West Virginia Laborers Council Director Pleads Guilty; Sentenced

Construction equipmentJonathan Deutsch still may believe he was framed. But his case has been resolved. On June 11, Deutsch, former executive director of the Constructors’ Laborers Council (CLC) of West Virginia, re-entered a guilty plea in U.S. District Court for the Southern District of West Virginia to one count of bank fraud in connection with a false statement he made to obtain an unauthorized $120,000 line of credit. Deutsch had pleaded guilty to mail fraud in May 2011, and then, this past March, asked a judge to set aside the plea and dismiss the remainder of a 32-count superseding indictment. Immediately following his most recent court hearing, he was sentenced to two years in prison and five years of probation, and was ordered to pay $118,429.88 in restitution. That sum likely understated matters. 

Deutsch, 58, a resident of Charleston, W.Va., was a busy man in West Virginia’s highly unionized construction industry. In addition to running the Laborers Council during 1995-2007, he also served as a trustee of a nonprofit council affiliate, the West Virginia Heavy and Highway Construction Industry Fund. And he was a trustee of the Operators Labor Management Council. According to federal prosecutors, he misused his power. As executive director of the Constructors Laborers Council, he forged a document – a corporate resolution – to obtain a line of credit for the council with the motive of diverting funds for his own use. Deutsch originally had been indicted by a federal grand jury on September 23, 2010 for fraudulently misappropriating $750,000 in CLC funds. His lawyers challenged the charges. In response, the grand jury months later issued superseding indictments that would drop the forgery charge and amend the original dollar amount.

Deutsch in May 2011 pleaded guilty to mail fraud in connection with obtaining a $120,000 line of credit from SunTrust Bank in September 2004 that had been secured by highway construction industry assets – and then had second thoughts. In a letter this early March to U.S. District Judge Thomas E. Johnston, he requested that the judge set aside his plea and dismiss all other charges cited in the indictment. Deutsch stated the prosecutors’ own investigation contained an interview with a bank president who admitted that a former employee forged the presumably incriminating documents. He wrote: “The court is asked to investigate the basis of the forgery allegation of the first sensationalized and widely published indictment. The forgery allegation is particularly revealing of investigative and prosecutorial misconduct when the government handwriting expert could not confirm the allegation and a lead government witness attempted to recant her grand jury testimony.”
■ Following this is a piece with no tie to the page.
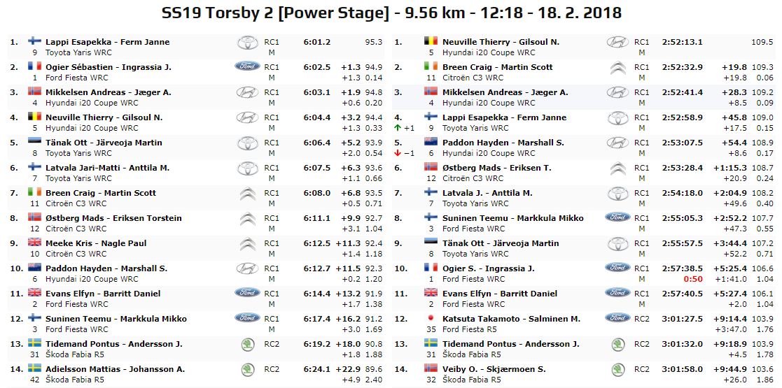 Un riscatto per entrambi, dopo il deludente avvio di stagione a Montecarlo, e che per il belga vale doppio, considerando la vittoria buttata alle ortiche dodici mesi or sono sulle nevi svedesi. Questa volta la lezione è servita, con Neuville che ha saputo gestire al meglio i momenti in cui attaccare e quelli dove amministrare. Certo, i brividi non sono mancati, come il salto sulla Colin’s Crest e qualche altra sbavatura, che però non hanno intaccato il suo grande risultato. Ciliegina sulla torta è la leadership in campionato in solitaria, arrivata grazie anche al weekend a dir poco complicato di tutti i suoi principali rivali ed ai due punti supplementari conquistati nella power stage
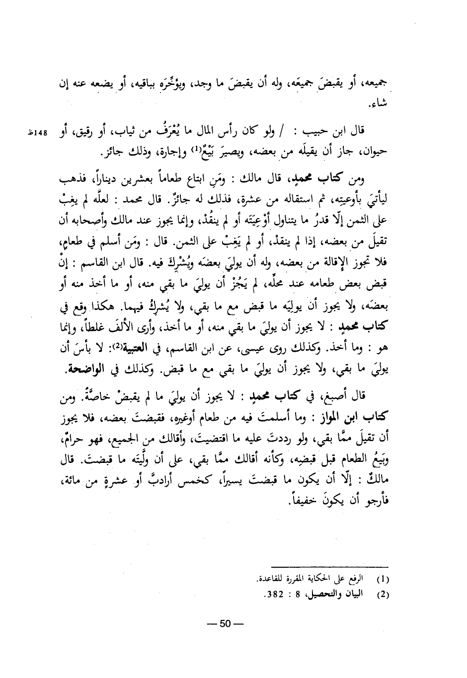 ومن كتاب محمد، قال مالك: ون ابتاع طعامًا بعشرين دينارًا، فذهب ليأتي بأوعيته، ثم استقاله من عشرة، فذلك له جائز. قال محمد: لعله لم يغب على الثمن إلا قدر ما يتناول أوعيته أو لم ينقد، وإنما يجوز عند مالك وأصحابه أن تقيل من بعضه، إذا لم ينقد، أو لم يغب على الثمن. قال: ومن أسلم في طعام، فلا تجوز الإقالة من بعضه، وله أن يولي بعضه ويشرك فيه. قال ابن القاسم: إن قبض بعض طعامه عند محله، لم يجز أن يولي ما بقي منه، أو ما أخذ منه أو بعضه، ولا يجوز أن يوليه ما قبض مع ما بقي، ولا يشرك فيهما. هكذا وقع في كتاب محمد: لا يجوز أن يولي ما بقي منه، أو ما أخذ، وأرى الألف غلطًا، وإنما هو: وما أخذ. وكذلك روى عيسى، عن ابن القاسم، في العتبية: لا بأس أن يولي ما بقي، ولا يجوز أن يولي ما بقي مع ما قبض. وكذلك في الواضحة.

In response, prosecutors offered an alternative plea deal in which Deutsch would admit to seeking a loan without the proper authority of two trustees. Deutsch fired back, saying that as a trustee himself, he did not have to ask permission from fellow trustees. He noted that SunTrust Bank never formally asked him if he had obtained such approval. He also asserted that prosecutors had attempted to silence him for blowing the whistle on certain union policies. “In summary,” wrote Deutsch, “this entire prosecution was false from the start, and then, once crossing the no-return line, became an appropriate ‘win at any cost and by any means’ pursuit by the investigators and government.”

The letter would hurt Deutsch’s case more than help it. Each of his four lawyers subsequently filed a motion to remove themselves from counsel, citing a breakdown in the client-attorney relationship. And the evidence of misappropriation – the product of a Labor Department probe – remained convincing. Not only had Deutsch secured a line of credit under suspicious circumstances, said the government, but starting around in mid 2007, he also created a series of backdated false meeting minutes and presented them to CLC board members for approval in hopes of concealing the line of credit. And the original indictment that he’d stolen $750,000 in CLC funds had plenty of details. Deutsch allegedly had used the money to pay for a variety of personal expenses, including payments on a pair of luxury cars, condo fees for a villa in the Bahamas, and membership dues in a yacht club. The indictment listed 25 instances in which Deutsch transferred funds to personal accounts. In the end, Deutsch decided to not pursue his withdrawal of last year’s plea agreement. It was hard to imagine him doing otherwise.